The referenced paper on this was published more than a decade ago (2012): https://www.sciencedirect.com/science/article/abs/pii/S03054...


Which is weird, because the same authors published a more notable paper on exactly this subject very recently in Quaternary [0]. I don't think the argument is unreasonable, but the author of this article is terribly misinformed about many things. For example, the cyclades would have been visible from the mainland, as they still are today! [1] is the view from the western mainland, [2] is the view from the eastern side, today the island of Ikaria. Notice that Crete is also visible from both the Cyclades and the mainland under ideal conditions.

[0] https://doi.org/10.1016/j.quaint.2022.09.001

[1] https://www.peakfinder.org/?lat=37.98035&lng=24.52317&ele=25...

[2] https://www.peakfinder.org/?lat=37.53781&lng=26.01118&ele=87...


It's an interesting theory, but as often is the case, the title is far more definite than the content.


Ye no proofs at all. The feasibility depends a lot on what they mean with "sailing". I guess their use includes "rowing" and "drifting".


they find human-made tools (which they can assign dates to) on islands distant from shore.

Their only explanation that they are hypothesizing is that humans traveled there across water. Do you have a better idea? They're not saying they found boats, they're saying there is clear evidence of human travel.

Focus on the evidence there is, not evidence you would like to see. What do you hypothesize that fits the evidence?


> What do you hypothesize that fits the evidence?

That the tools were moved to Crete way later than when they were made. Obviously, there are no proof of that either. I am not saying it is impossible Neaderthals got there by boat-ish means. But recycling seems like a possibility not moving back seatravel too far into the past.


"Sail" can mean any travel over water by ship. It's one of those weird words that can be really confusing even when used correctly but out of the context where that portion of its meaning is customarily used.


It suggests some sort of navigable floaty thing. They saw an island offshore, thought, let's go there, and figured out a way to do it.


Also seems possible that the tools might have been moved, at a later date? I imagine a stone age person digging through some Neanderthal settlement remains, would loot any tools.


Except those "stone age" people came around 50,000 years later. Not only is it unlikely they would find any evidence of the Neanderthals, but they would already have more sophisticated tools by then, don't think those (even in their time) by then ancient tools would be worth looting.
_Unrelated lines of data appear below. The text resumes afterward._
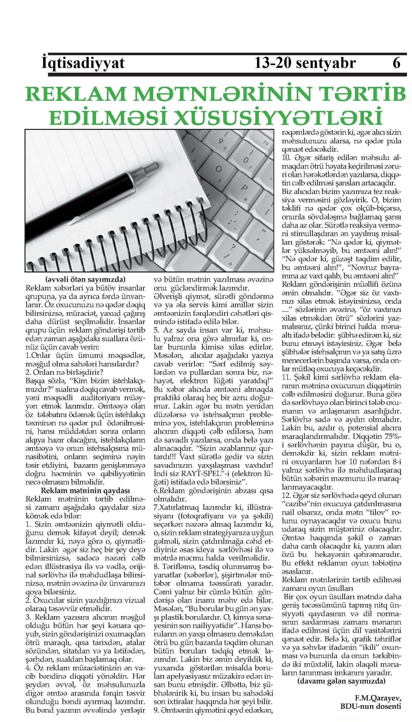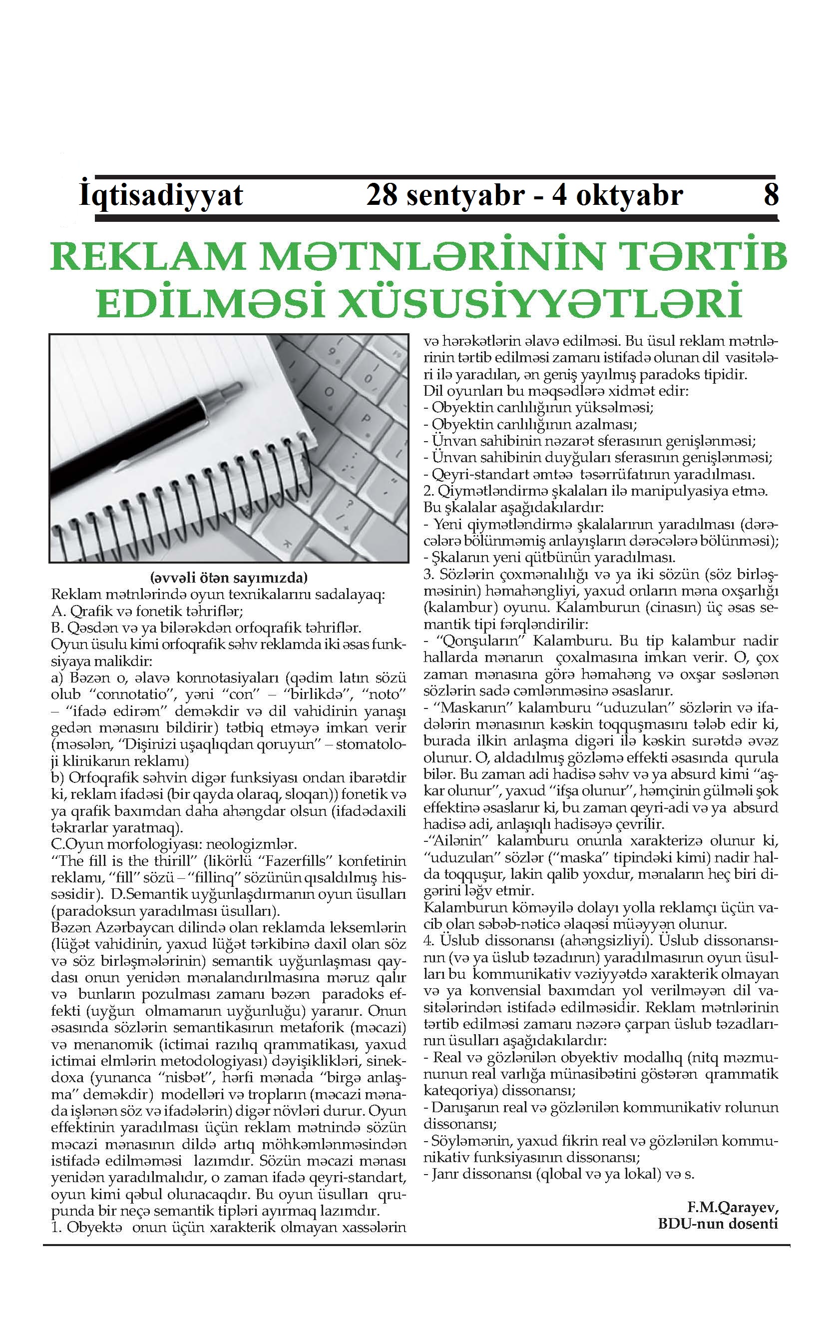 İNFORMASİYA VƏ REKLAM İŞİ 111. Qarayev, F. M. Reklam mətnlərinin tərtib edilməsi xüsusiyyətləri //İqtisadiyyat.- 2017.- 13-20 sentyabr.- S.6. 112. Qarayev, F. M. Reklam mətnlərinin tərtib edilməsi xüsusiyyətləri //İqtisadiyyat.- 2017.- 28 sentyabr - 4 oktyabr.- S.8.
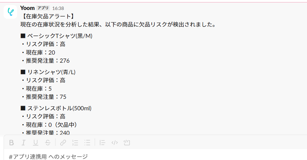 本記事では、AIエージェントを活用して在庫データの分析から欠品アラートの通知までを自動化する方法について解説しました。
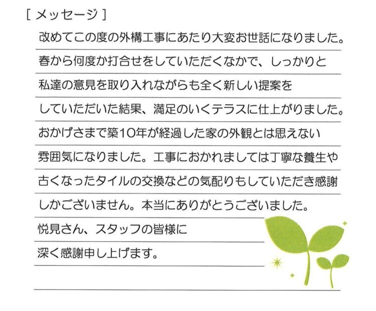 この度は、お世話になり有難うございました。南欧プロヴァンス風の庭の中で、ゆっくりビールでも飲んで、
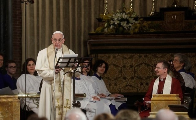 Jonathan Boardman tiszteletes és Robert Innes anglikán püspök fogadták a pápát a plébánián. A szentatya rögtön rátért látogatása céljára, és arról beszélt, együtt kell haladni előre, túllépve a múltbeli gyanakváson, bizalmatlanságon és ellenségeskedésen. A pápa az általa megáldott Üdvözítő Krisztus-ikon kapcsán így fogalmazott: „Olyan, mintha Jézus ránk nézne, és kérne tőlünk valamit: »Kész vagy otthagyni valamit a múltadból értem? Akarsz az én szeretetem és irgalmasságom hírnöke lenni?«”

> Long before modern humans existed, 100,000 years ago

100,000ya ago is not "long before modern humans existed." Modern humans are Homo sapiens, and the oldest known Homo sapiens remains (to date, that we know of) are dated to 300,000 years ago, which is now apparently 200,000 years before "long before" Homo sapiens existed. I guess the good news is we invent the time machine before too long.


I remember when I was a kid, textbooks would draw a distinction between “homo sapiens” and “homo sapiens sapiens.” But it is odd, when I search “homo sapiens sapiens,” I only see links to like, homework helper/yahoo question sites referencing it. Wikipedia and the Smithsonian seem to have dropped the second sapiens.
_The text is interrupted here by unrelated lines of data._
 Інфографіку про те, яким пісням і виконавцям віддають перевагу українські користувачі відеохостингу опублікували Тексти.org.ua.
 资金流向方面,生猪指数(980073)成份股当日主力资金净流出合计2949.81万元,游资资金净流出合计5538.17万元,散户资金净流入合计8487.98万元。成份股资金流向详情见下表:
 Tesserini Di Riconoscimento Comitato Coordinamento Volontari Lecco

Is this an update to how this stuff is understood? I vaguely think the extra sapiens was added on to draw a distinction between “behaviorally modern” humans or something like that. But that always seemed more like a cultural thing anyway.


This was an artifact from a long-running debate about how we should organize the taxonomy of genus Homo. On one hand, people made good arguments that archaic hominins like Neanderthals were distinct enough to consider them separate species. On the other, there were reasonable arguments that they were closely related enough that archaic and modern hominins were a single species with a number of distinct subspecies. Modern humans would be called H. sapiens sapiens in the latter scheme.

This debate was mostly ended in favor of the separate species perspective by the early 2000s, but not everyone was reconciled and archaeogenetics forced us to rewrite the human taxonomy anyway. People will understand what you mean if you continue using H. sapiens sapiens, it's when you use "H. sapiens" to include Neanderthals and Denisovans that people will be confused. Sometimes that terminology is also also used it to exclude transitional subspecies like idaltu, which I think is why wiki uses it.


imo the correct answer is this stuff is incredibly complicated and in incredible flux due to revolutionary advances in genetic research on our prehistoric ancestors and present day people. There's a lot of different perspectives but anyone with some humility would admit a new finding could be announced tomorrow that would upend quite a lot of what we think we know. Already e.g. Naledi, Denisovans, Floresiensis, Longi, Oase, etc are pretty mind-blowing to the consensus views 20 years ago. I would pay less attention to the labels used and more on the broader research.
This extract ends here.